Where I live they take babies as young as 6wks at long day care centres. I personally find it distressing as I know I couldn't have done it, even before having the baby, but it clearly works for some people's circmstances. Maybe it is worth looking at options for a later return or other alternatives in case you find you really cannot do it when the time comes? If that happened it would be easier to have some idea of the facts rather than trying to sort it whilst looking after the baby as well.
Also if it is purely for financial reasons have you definitely been honest about things? I say this cos I know a mother who constantly moans about how she has to go back to work as she can't afford not to, yet she has a new hair colour every month, they have two massive 4x4s, just rennovated a new house & go on at least two long haul holidays a year. It irks me as what she really means is that she cannot afford to go without those things.
thermosflask, fine to have your opinion but stop being so bloody pushy!
What do you think parents had to do 10 years ago when maternity leave wasn't as generous as it is now? Staying at home isn't an option for many parents.
Oh for goodness sake thermosflask, back off. You have given your point of view, and suggested one source that supports it.
Many women return to work, I am planning to when my baby is four months old. It is a necessity. BECAUSE I love my child and want to be able to feed it and put a roof over its head!
There was a thread/link on MN the other day OP that discussed a new study that suggested childcare for infants have minimal to no negative impact, and a working mother could have a positive impact for girl babies,
Your child in it's crucial first few months needs to feel loved, safe, secure, protected and cared for. I do not believe that a nanny/child minder, however well intentioned can meet your baby's emotional needs like it's mother.
I'm not concerned about being harsh to an adult. I'm far more concerned about a little baby who cannot communicate it's needs, and I will ALWAYS speak up on behalf of the child. If it seems harsh then maybe that's what's needed to jolt you all out of your complacency and selfishness.
here's the thread AllThreeWays is talking about
I agree with teacher.
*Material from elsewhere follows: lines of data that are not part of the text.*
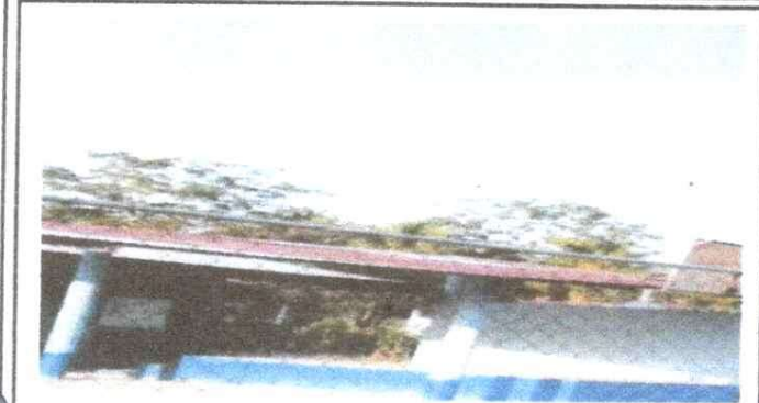
Foto 1: SUSTITUCIÓN DE LAMINA POR LAMINA TROQUELADA ALUZINC CALIBRE 26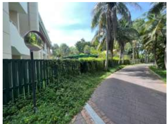
ภาพถ่าย 3-4 พื้นที่สีเขียว

ภาพถ่ายแสดงการปฏิบัติตามมาตรการฯ โรงแรมเชรატัน หัวหินรีสอร์ทแอนด์สปา ระหว่างเดือนมกราคม – มิถุนายน พ.ศ.2565 (ต่อ)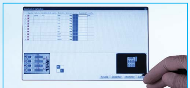
7- Voir les résultats, identifier l'échantillon patient et le lot réactif, ajouter des commentaires, envoyer on-line...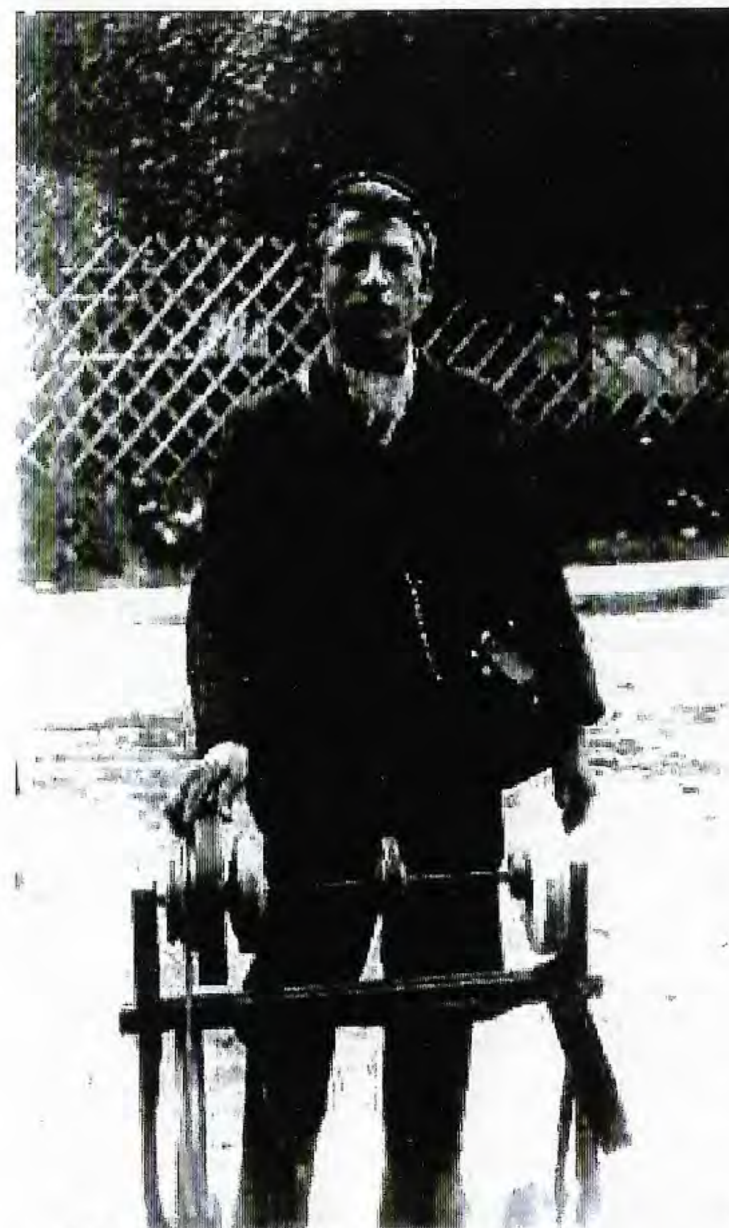
"Rykten förekom att sågfilarna i själva verket var spioner"

Det kom snart rykten i omlopp om att sågfilarna i själva verket var förklädda officerare från "arvfienden" Ryssland som rekognoserade

Wait until your baby is here and then see how you feel. I thought I would go back after six months after my first but I actually ended up being a SAHM for 9 years. That was my choice and I recognise that I was very lucky to be in the position to be able to make that choice.
Whatever you decide it will be for the best for you and your family and when baby has been here for a while you'll just know which route to go down.
thermos, bog off and stop trying to turn this thread into a bunfight.
Just because lots of mums return to work does NOT make it the right thing to do from the baby's point of view.
At least be honest about your choices. Admit that you are putting your needs above your baby's when you go back to work.
How am I meeting my babies needs if we go hungry and are evicted?
it's not always about the mother's needs is it though thermosflask
sometimes it's a financial necessity - and I'm not talking haircuts and holidays I'm thinking more of rent;/mortgage and bills
are you suggesting that people shouldn't have children unless they can afford for one parent to give up work?